### [Data excerpt]
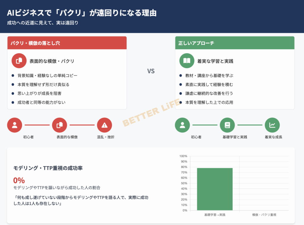 ともすれば、モデリングやTTPというアプローチは、自分が成功者と同等以上の能力を持っているという、思い上がりのようなものでしかありません。
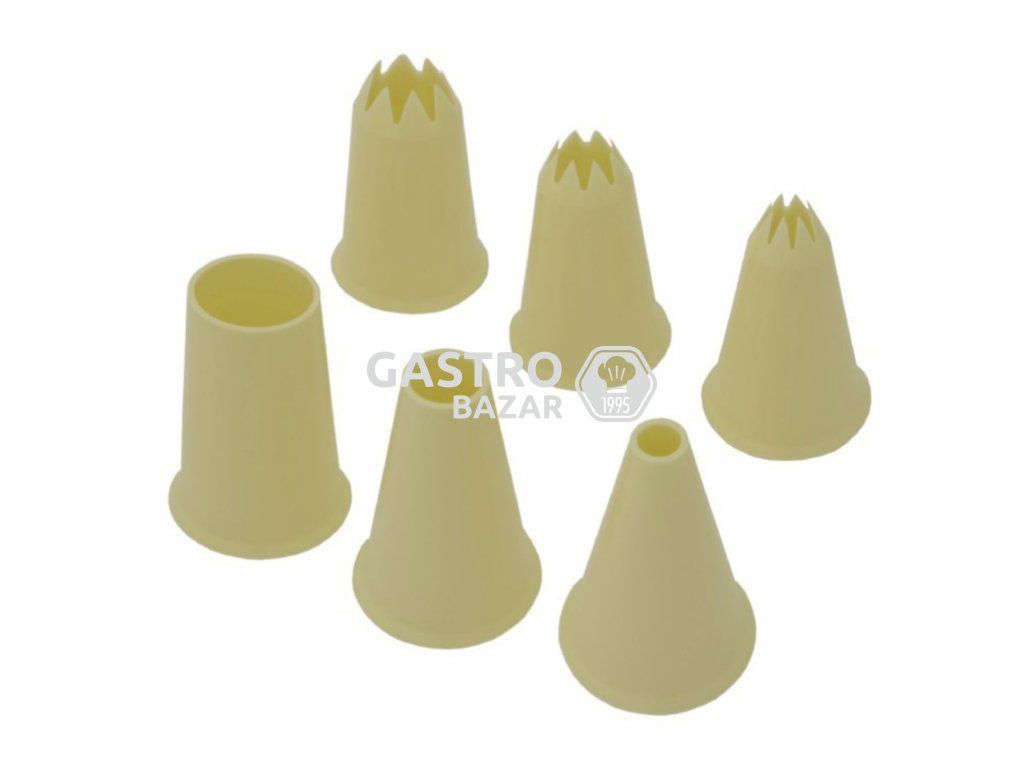 Sada plastových koncovek se skládá ze tří kusů ve tvaru hvězdy a tří kulatých kulatých kusů. Praktický set využijete při plnění forem, zdobení dortů nebo vytváření krémového povrchu, odpalového těsta nebo sněhových pusinek. Vnitřní povrch je hladký, proto se snadno čistí. Po dokončení práce ho pak jednoduše umyjete v myčce.
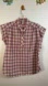Super cute plaid blouse. 34 button. Mandarin collar. Cap sleeve. Belt loops, but no belt. I think this is from late 1970s early 1980s, but not 100% sure. Has a gold metallic detail throughout. curved hem. Excellent vintage condition.
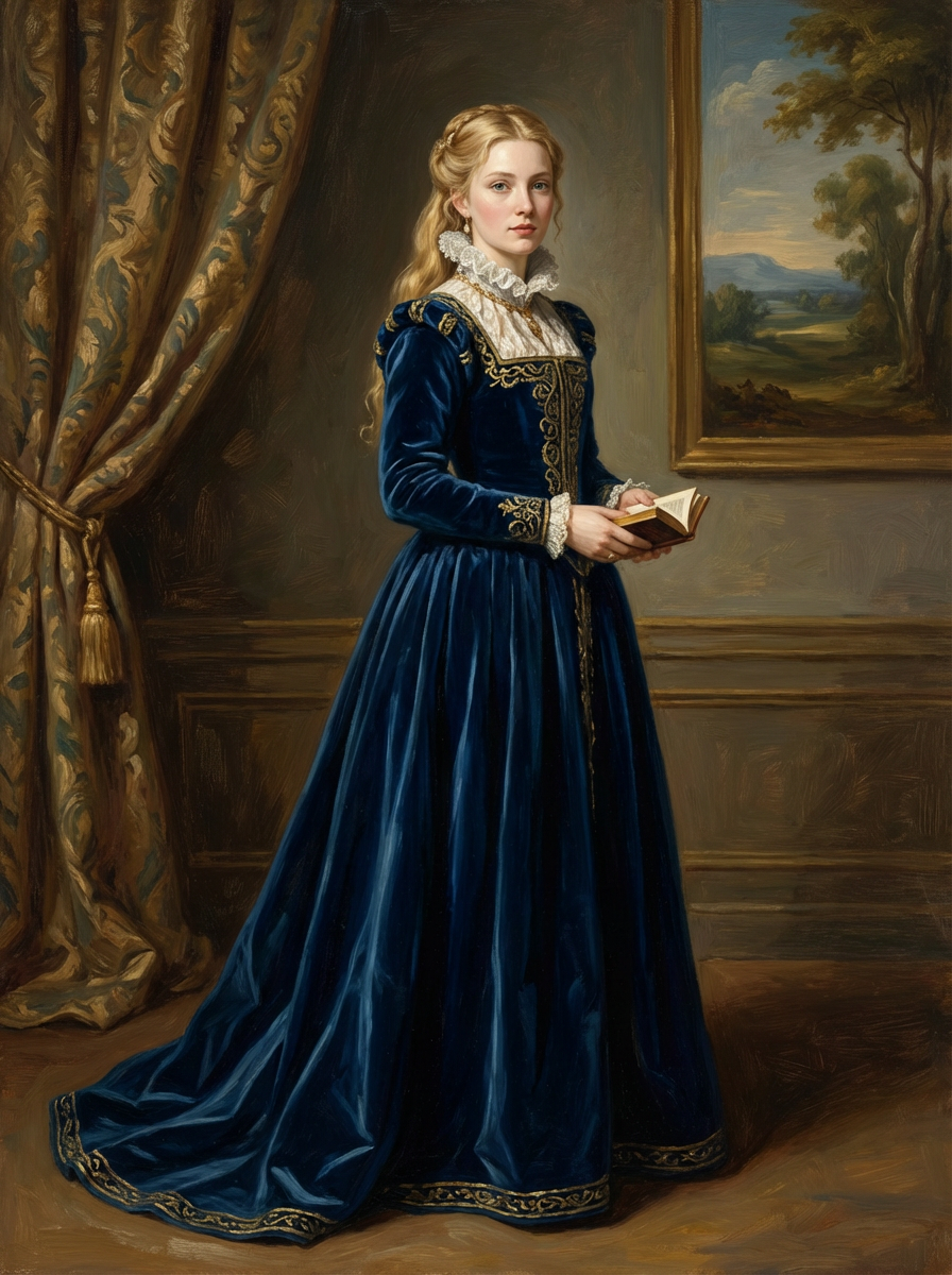 Model transformed into an oil painting portrait. Elegant pose, flowing dress . Renaissance style, rich textures, artistic brushstrokes.

### [Activity]
Set down the data above exactly as written. Omit the pictures.

### [Result for this task]
 ともすれば、モデリングやTTPというアプローチは、自分が成功者と同等以上の能力を持っているという、思い上がりのようなものでしかありません。
 Sada plastových koncovek se skládá ze tří kusů ve tvaru hvězdy a tří kulatých kulatých kusů. Praktický set využijete při plnění forem, zdobení dortů nebo vytváření krémového povrchu, odpalového těsta nebo sněhových pusinek. Vnitřní povrch je hladký, proto se snadno čistí. Po dokončení práce ho pak jednoduše umyjete v myčce.
Super cute plaid blouse. 34 button. Mandarin collar. Cap sleeve. Belt loops, but no belt. I think this is from late 1970s early 1980s, but not 100% sure. Has a gold metallic detail throughout. curved hem. Excellent vintage condition.
 Model transformed into an oil painting portrait. Elegant pose, flowing dress . Renaissance style, rich textures, artistic brushstrokes.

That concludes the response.